Researchers at Okayama University have identified a link between circadian rhythm disturbance (human intrinsic day-night cycle) and brain dysfunction. A protein called Bmal1, known to play an important role in circadian rhythmicity has been shown to regulate the stability of the blood-brain barrier (BBB) as well.
The team of researchers led by Takeshi Takarada from Okayama University studied the function of Bmal1 protein in transgenic green-fluorescent-protein (GFP) mice. It was found that deletion of Bmal1 molecules in mice brain resulted in an increased activity of astrocytes, a type of brain cell that provides biochemical support to the BBB. They further observed higher-than-normal permeability of BBB due to pericyte dysfunction resulting from Bmal1 deficiency.

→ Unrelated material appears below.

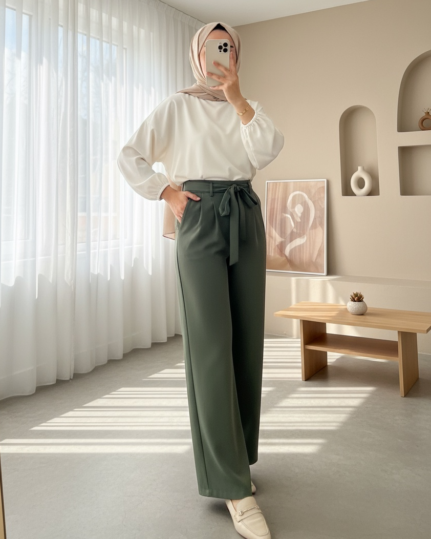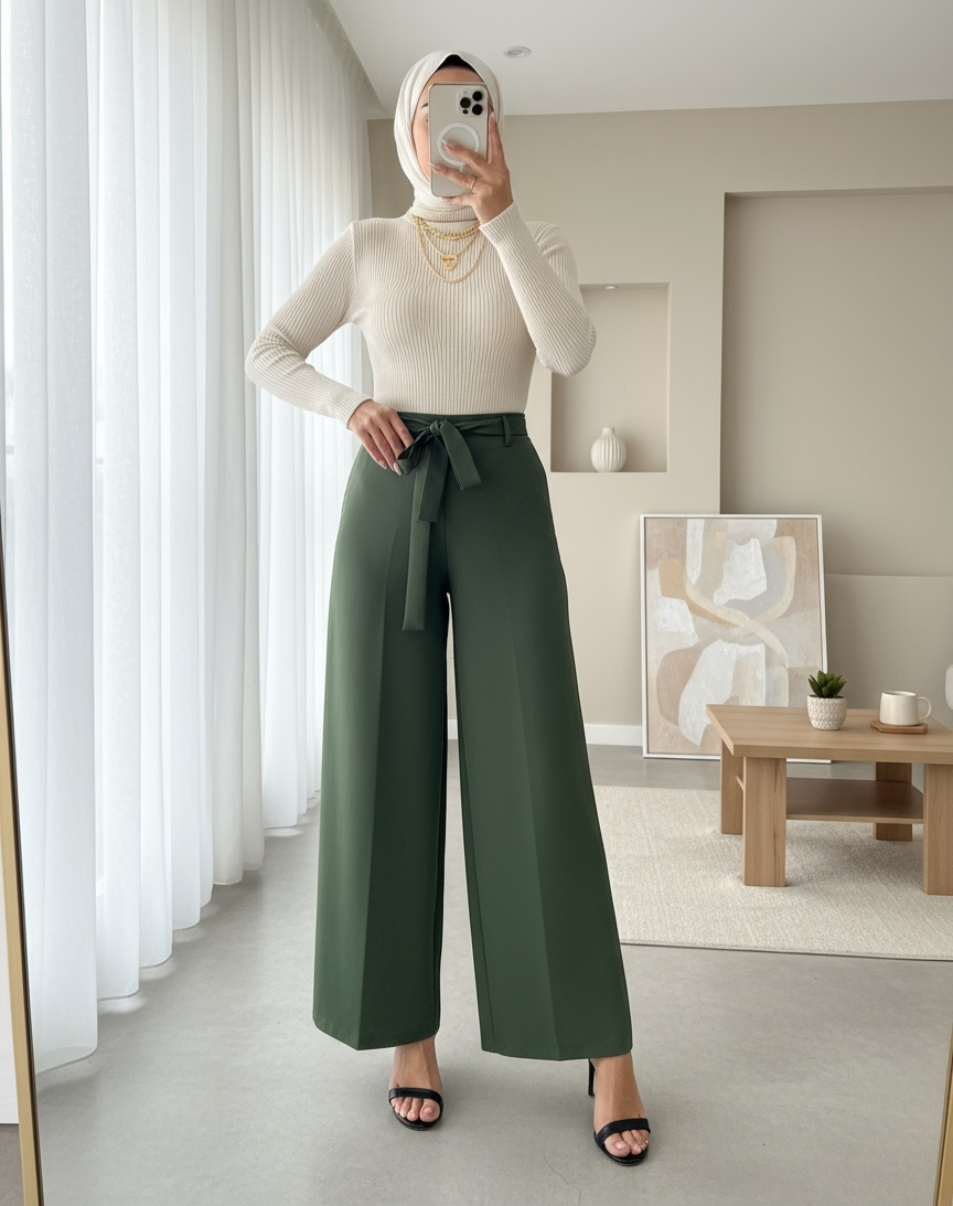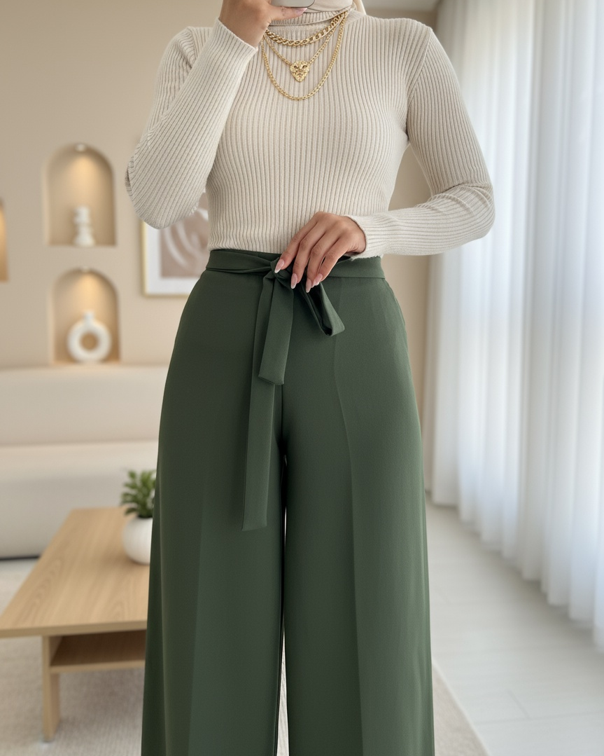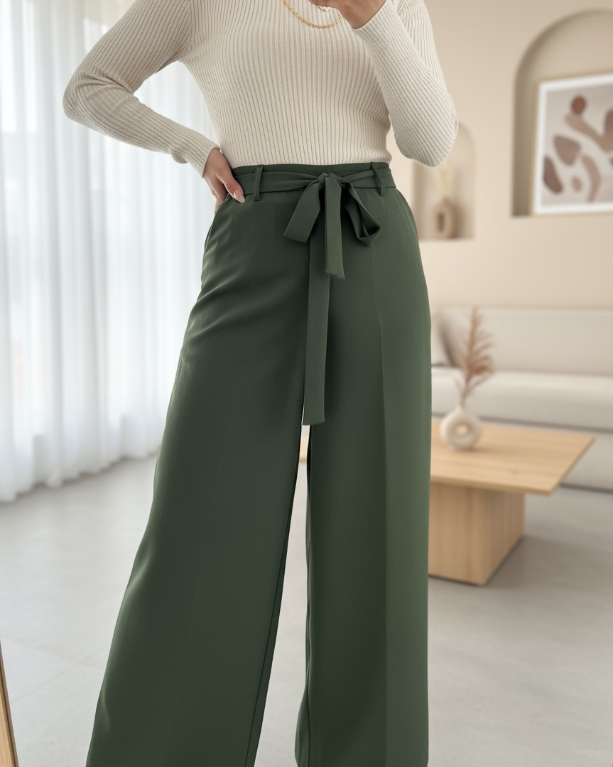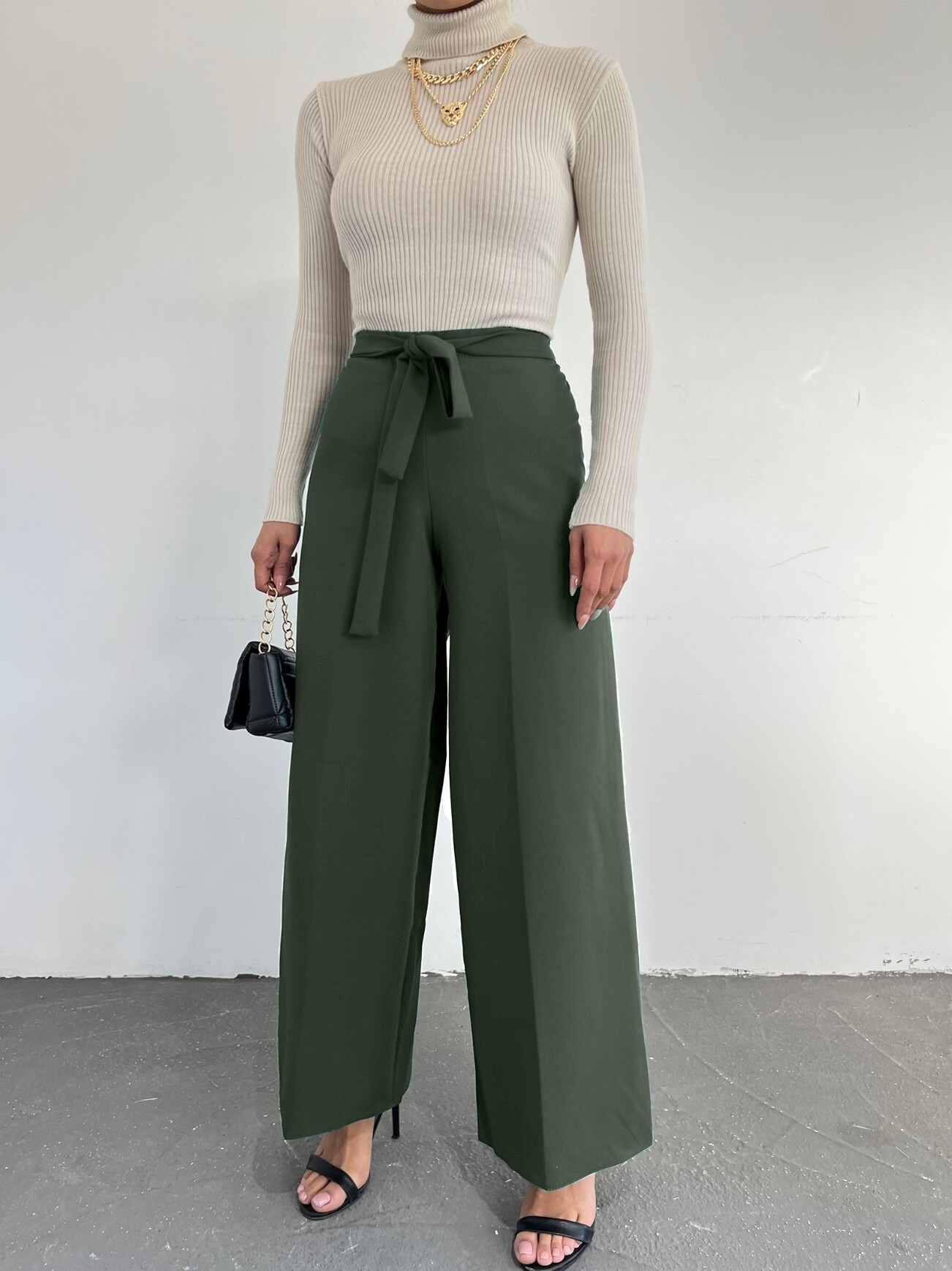 Beli Lastikli Bağlamalı Bol Paça Pantolon -Haki-Haki

Pericytes are the cells that regulate capillary blood flow in the brain and are needed to sustain proper BBB function. The study depicted an altered expression of platelet-derived growth factor receptor β (PDGFRβ) proteins in pericytes due to deficiency of Bmal1 protein. This further led to the decreased pericyte coverage of blood vessels in the brain and abnormal permeability of BBB.
The work of Takarada and colleagues clearly establishes a connection between circadian rhythms and the physiological stability of the BBB through the common involvement of Bmal1 protein. This may facilitate the discovery and development of therapies for many neurodegenerative and/or psychiatric disorders related to abnormal BBB integrity.